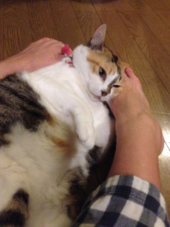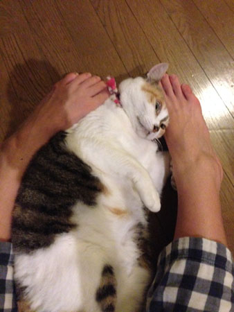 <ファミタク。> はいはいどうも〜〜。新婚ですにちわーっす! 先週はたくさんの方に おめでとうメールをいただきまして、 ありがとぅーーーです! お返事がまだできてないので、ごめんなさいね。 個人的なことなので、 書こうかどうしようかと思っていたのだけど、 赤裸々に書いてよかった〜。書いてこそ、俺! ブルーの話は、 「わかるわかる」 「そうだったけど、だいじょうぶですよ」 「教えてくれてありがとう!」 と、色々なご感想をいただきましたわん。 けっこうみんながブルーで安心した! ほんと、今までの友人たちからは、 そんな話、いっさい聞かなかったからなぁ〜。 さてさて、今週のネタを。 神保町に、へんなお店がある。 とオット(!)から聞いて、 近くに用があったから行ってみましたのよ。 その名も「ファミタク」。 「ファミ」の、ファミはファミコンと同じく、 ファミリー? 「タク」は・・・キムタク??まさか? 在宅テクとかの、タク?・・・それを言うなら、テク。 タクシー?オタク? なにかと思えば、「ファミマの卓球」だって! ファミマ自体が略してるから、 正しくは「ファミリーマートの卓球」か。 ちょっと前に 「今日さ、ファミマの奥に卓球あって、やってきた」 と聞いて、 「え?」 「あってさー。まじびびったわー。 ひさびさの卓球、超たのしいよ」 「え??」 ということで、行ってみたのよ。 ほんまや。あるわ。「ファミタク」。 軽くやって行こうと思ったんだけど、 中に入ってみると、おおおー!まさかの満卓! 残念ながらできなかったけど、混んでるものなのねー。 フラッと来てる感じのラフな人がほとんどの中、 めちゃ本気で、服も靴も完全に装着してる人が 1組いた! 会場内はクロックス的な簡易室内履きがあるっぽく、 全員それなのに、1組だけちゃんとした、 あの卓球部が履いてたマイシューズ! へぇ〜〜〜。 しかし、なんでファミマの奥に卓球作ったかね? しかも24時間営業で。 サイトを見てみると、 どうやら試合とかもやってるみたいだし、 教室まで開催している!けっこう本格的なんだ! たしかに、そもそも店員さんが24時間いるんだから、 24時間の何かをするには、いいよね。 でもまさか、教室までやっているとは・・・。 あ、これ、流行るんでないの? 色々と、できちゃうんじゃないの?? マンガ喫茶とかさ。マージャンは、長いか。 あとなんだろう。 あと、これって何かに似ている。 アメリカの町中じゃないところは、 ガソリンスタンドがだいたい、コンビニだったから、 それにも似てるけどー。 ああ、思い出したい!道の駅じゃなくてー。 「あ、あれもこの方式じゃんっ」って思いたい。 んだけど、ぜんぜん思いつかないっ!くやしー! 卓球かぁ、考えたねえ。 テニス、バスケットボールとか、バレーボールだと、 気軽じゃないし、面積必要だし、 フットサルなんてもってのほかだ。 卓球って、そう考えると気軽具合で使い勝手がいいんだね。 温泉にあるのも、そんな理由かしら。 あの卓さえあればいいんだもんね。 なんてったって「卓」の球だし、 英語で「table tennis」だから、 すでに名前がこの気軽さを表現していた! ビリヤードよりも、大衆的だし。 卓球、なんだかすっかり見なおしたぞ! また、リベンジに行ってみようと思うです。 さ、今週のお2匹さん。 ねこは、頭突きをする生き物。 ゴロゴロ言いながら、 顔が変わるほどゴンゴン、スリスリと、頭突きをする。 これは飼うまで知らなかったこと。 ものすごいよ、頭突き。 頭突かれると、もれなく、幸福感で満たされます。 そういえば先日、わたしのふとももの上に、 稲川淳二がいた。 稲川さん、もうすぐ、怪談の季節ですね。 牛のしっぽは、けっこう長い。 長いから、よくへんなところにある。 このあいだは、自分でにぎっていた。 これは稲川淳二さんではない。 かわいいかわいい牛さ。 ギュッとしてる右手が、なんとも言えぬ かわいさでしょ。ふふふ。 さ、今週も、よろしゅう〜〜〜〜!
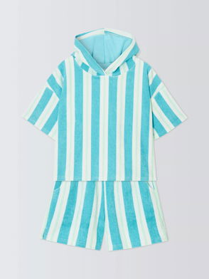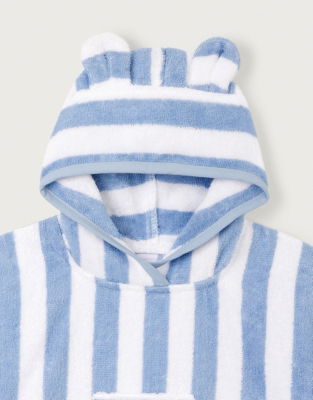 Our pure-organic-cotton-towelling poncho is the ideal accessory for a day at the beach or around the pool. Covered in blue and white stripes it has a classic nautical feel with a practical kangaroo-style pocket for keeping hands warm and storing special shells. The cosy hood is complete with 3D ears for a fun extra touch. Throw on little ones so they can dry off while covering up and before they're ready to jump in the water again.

=======

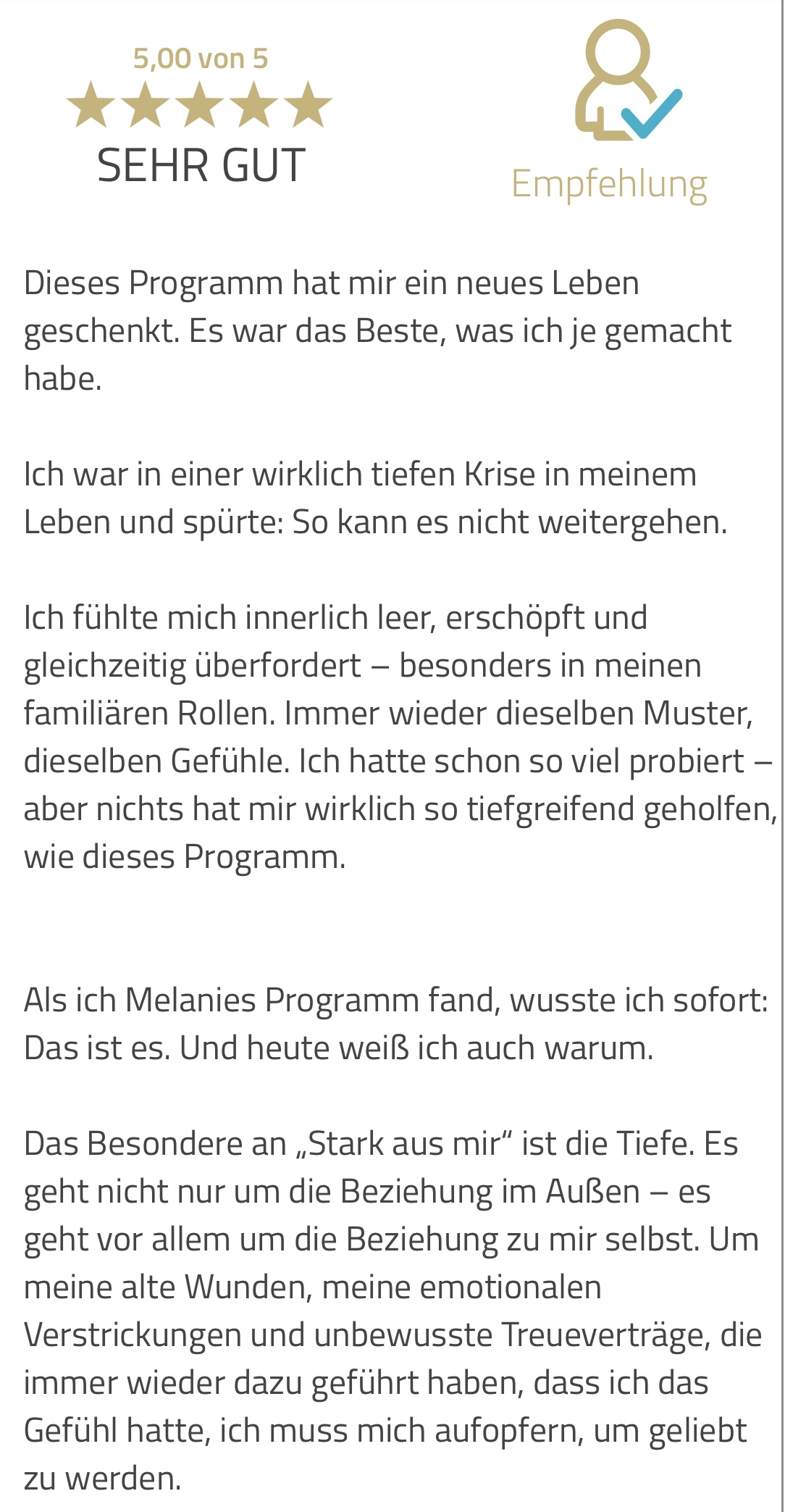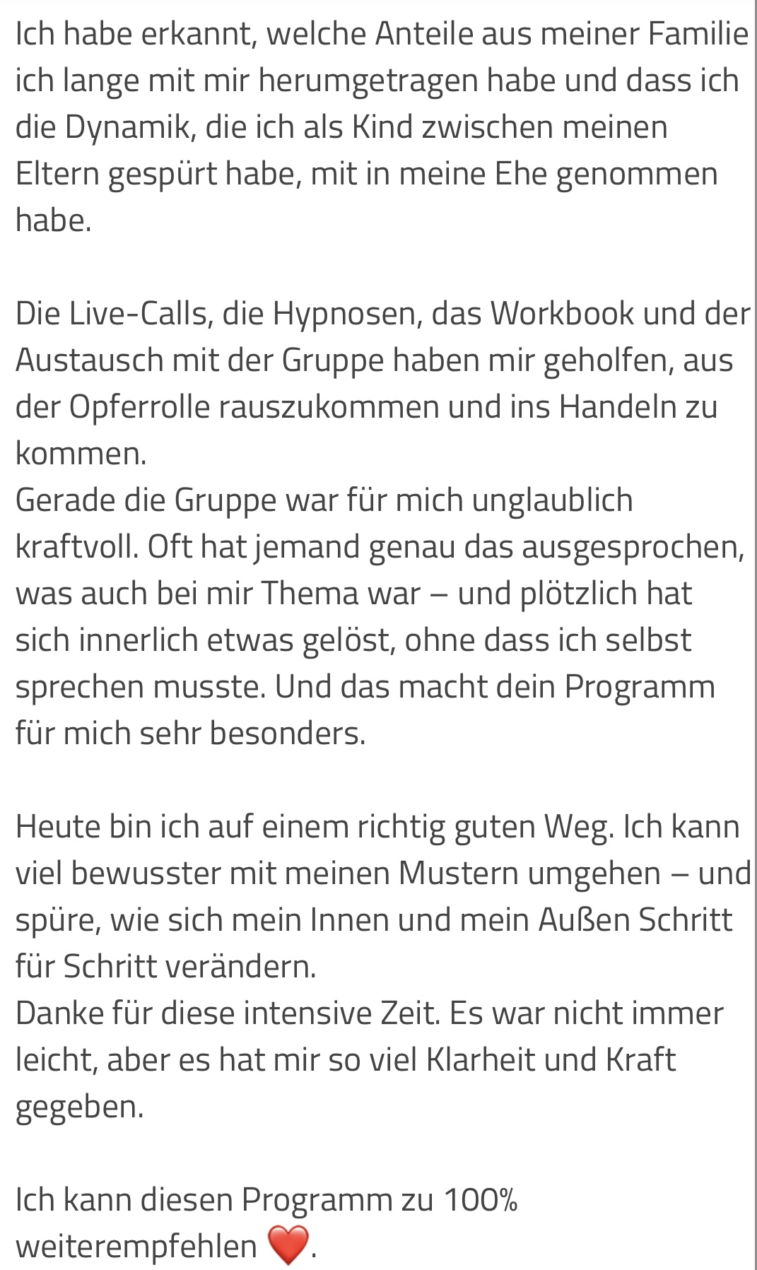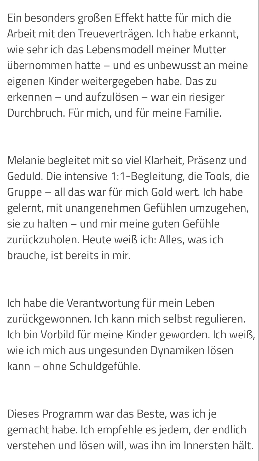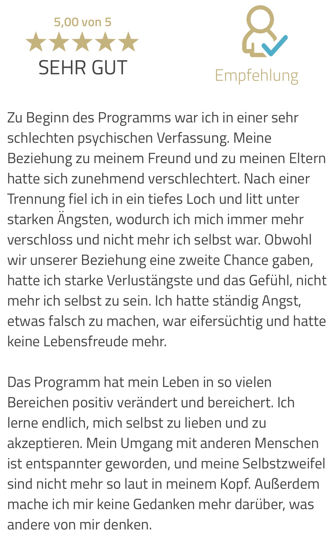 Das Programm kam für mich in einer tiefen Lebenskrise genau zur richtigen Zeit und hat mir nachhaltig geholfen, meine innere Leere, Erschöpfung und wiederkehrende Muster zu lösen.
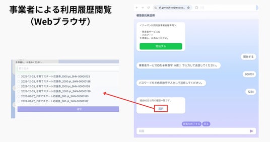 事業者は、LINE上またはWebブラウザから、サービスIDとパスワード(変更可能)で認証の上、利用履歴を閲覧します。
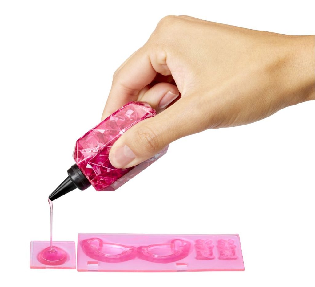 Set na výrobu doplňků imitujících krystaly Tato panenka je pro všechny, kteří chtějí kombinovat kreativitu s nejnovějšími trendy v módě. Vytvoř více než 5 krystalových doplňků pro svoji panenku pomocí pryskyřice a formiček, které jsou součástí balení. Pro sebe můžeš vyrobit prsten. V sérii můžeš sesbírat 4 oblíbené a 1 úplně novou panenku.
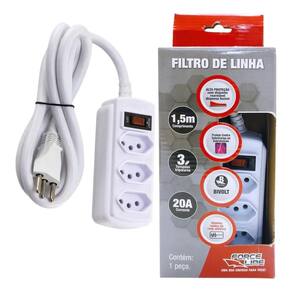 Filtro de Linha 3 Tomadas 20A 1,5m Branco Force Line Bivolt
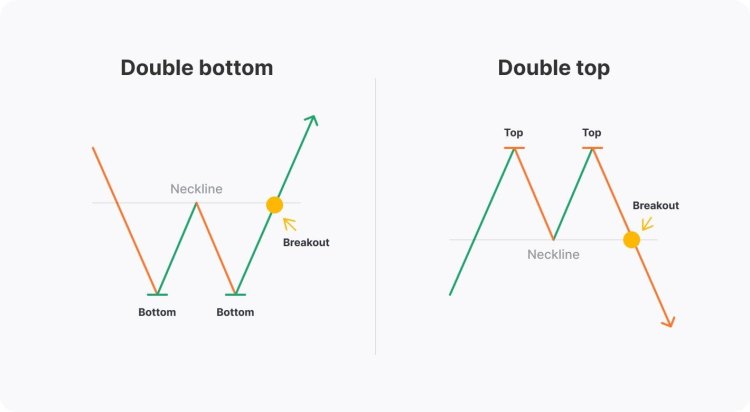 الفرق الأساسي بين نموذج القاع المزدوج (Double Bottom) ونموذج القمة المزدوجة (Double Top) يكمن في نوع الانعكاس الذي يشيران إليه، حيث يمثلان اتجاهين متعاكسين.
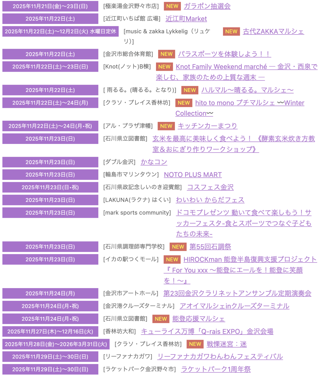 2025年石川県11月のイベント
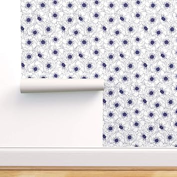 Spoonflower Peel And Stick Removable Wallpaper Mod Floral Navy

=======

**Required work:** The answer must be the lines above from the one containing "2025年石川県11月のイベント" through the one containing "Spoonflower Peel And", reproduced exactly, with no pictures and nothing else.

**Answer to the exercise:**
 2025年石川県11月のイベント
 Spoonflower Peel And Stick Removable Wallpaper Mod Floral Navy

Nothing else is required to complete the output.